During slavery, more specifically during the 19th century, wealthy slaveowners looking for a way to get additional capital to buy more slaves came up with an idea- slave backed securities. Your eyes are not playing tricks on you. Slaveowners securitized slavery. Cornell professors Edward E. Baptist and Louis Hyman detailed how it was done in an article published by the Chicago Sun-Times on its website dated March 7, 2014. This is from the article:
In the 1830s, powerful Southern slaveowners wanted to import capital into their states so they could buy more slaves. They came up with a new, two-part idea: mortgaging slaves; and then turning the mortgages into bonds that could be marketed all over the world.
First, American planters organized new banks, usually in new states like Mississippi and Louisiana. Drawing up lists of slaves for collateral, the planters then mortgaged them to the banks they had created, enabling themselves to buy additional slaves to expand cotton production. To provide capital for those loans, the banks sold bonds to investors from around the globe — London, New York, Amsterdam, Paris. The bond buyers, many of whom lived in countries where slavery was illegal, didn’t own individual slaves — just bonds backed by their value. Planters’ mortgage payments paid the interest and the principle on these bond payments. Enslaved human beings had been, in modern financial lingo, “securitized.”
As slave-backed mortgages became paper bonds, everybody profited — except, obviously, enslaved African Americans whose forced labor repaid owners’ mortgages. But investors owed a piece of slave-earned income. Older slave states such as Maryland and Virginia sold slaves to the new cotton states, at securitization-inflated prices, resulting in slave asset bubble. Cotton factor firms like the now-defunct Lehman Brothers — founded in Alabama — became wildly successful. Lehman moved to Wall Street, and for all these firms, every transaction in slave-earned money flowing in and out of the U.S. earned Wall Street firms a fee.

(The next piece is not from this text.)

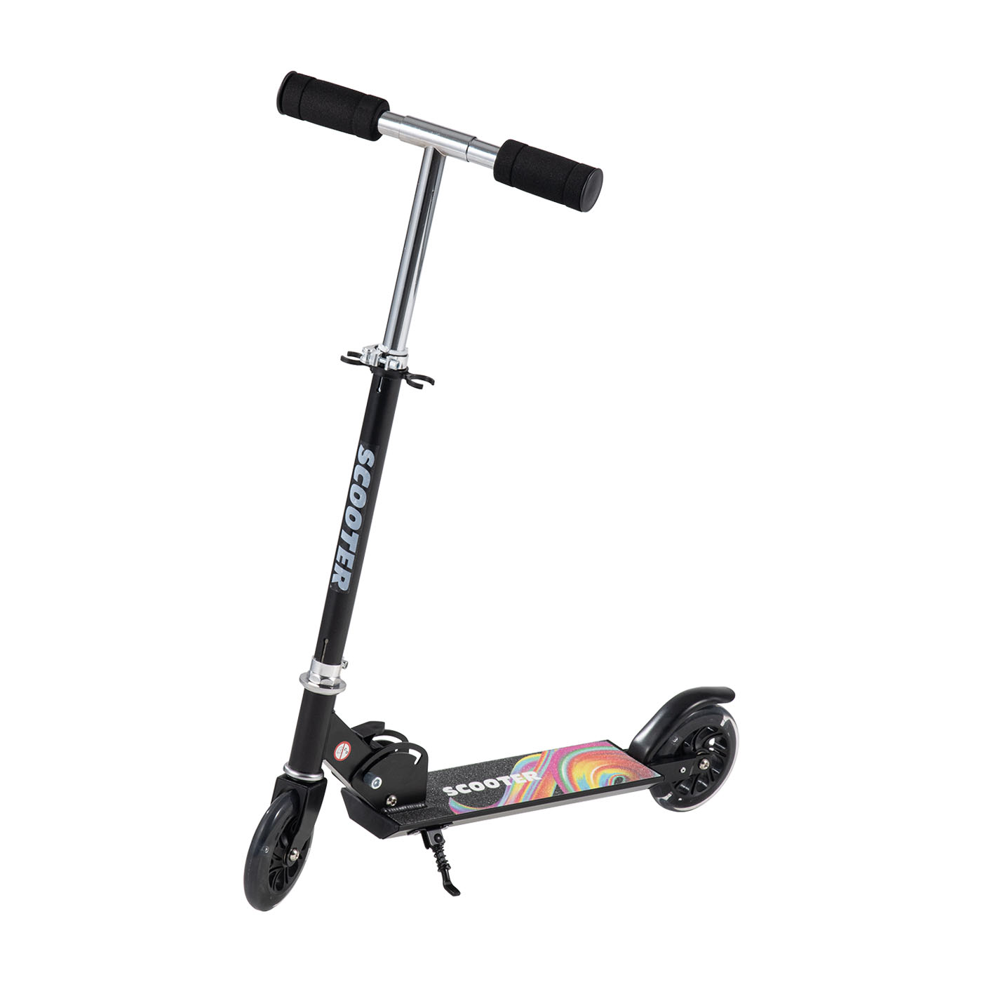 日本トイザらスの「折りたたみアルミニウムスクーター」は、全国のトイザらスで販売されているため、実店舗で実物のサイズや乗り心地を試せるのがメリット。本体のサイズは子どもの成長に合わせて柔軟に調整できます。段階はありますが、ハンドルの高さを最大83.5cm(実測値)まで伸ばせるため、兄弟・姉妹でもシェアしやすいでしょう。しかし走行時の安定感は高いとはいえません。車輪間の距離が大きめで安定感が期待できるものの、ハンドル・デッキの接続部のガタつきが大きく、体重をかけるとバランスを崩す可能性があるといえます。レバーに指をひっかけにくく、折りたたむ際も操作しづらい印象。また、スタンドがなく自立もしないため、保管時にはどこかへ立てかけておく必要があります。ふとした拍子に倒れて傷がつくのを防ぐため、滑りにくい壁際を選ぶなど保管場所の工夫が欠かせません。実物を見て納得してから買いたい人や、一台を複数人で使いまわしたい人なら検討の余地があるでしょう。

The infant American financial industry nourished itself on profits taken from financing slave traders, cotton brokers and underwriting slave-backed bonds. But though slavery ended in 1865, in the years after the Civil War, black entrepreneurs would find themselves excluded from a financial system originally built on their bodies.
Edward E. Baptist and Louis Hyman, American Finance Grew on the Back of Slaves
Dr. Carol Anderson in her book,
“White Rage”, chronicles the many methods whites used in the years after slavery to restrict the right for blacks to move around freely in America. Whites in the south used any means necessary to discourage blacks from moving north. In the north whites terrorized blacks competing for jobs with better pay as well as those trying to live in majority white neighborhoods.
According to Andersons research, “at the time of emancipation 80 percent of Americas GNP was tied to slavery.” This comment refers to the entire nation of America, not just the south. Blacks got none of the money. In January of 1865, Special Field Order 15 was issued.
"Sherman's Special Field Orders No. 15," in
The War of the Rebellion: a Compilation of the Official Records of the Union and Confederate Armies, Series I, Vol. 47, Part II (Washington: GPO, 1895), pp.60-62
5. General William T. Sherman's Special Field Order No. 15 · After Slavery: Educator Resources · Lowcountry Digital History Initiative
In July 1865, Circular 13 was issued by General Howard fully authorizing the lease of 40 acres plots of land to the newly freed slaves.
“Circular #13
War Department Bureau of Refugees, Freedmen, and Abandoned Lands. Washington July 28, 1865,” Source: National Archives and Records Administration, Record Group 105, Entry 24, No. 139 Asst Adjutant General Circulars 1865-1869, Bureau of Refugees, Freedmen, and Abandoned Lands, pp. 14-15. (Transcribed from the original by John Soos, August, 2003)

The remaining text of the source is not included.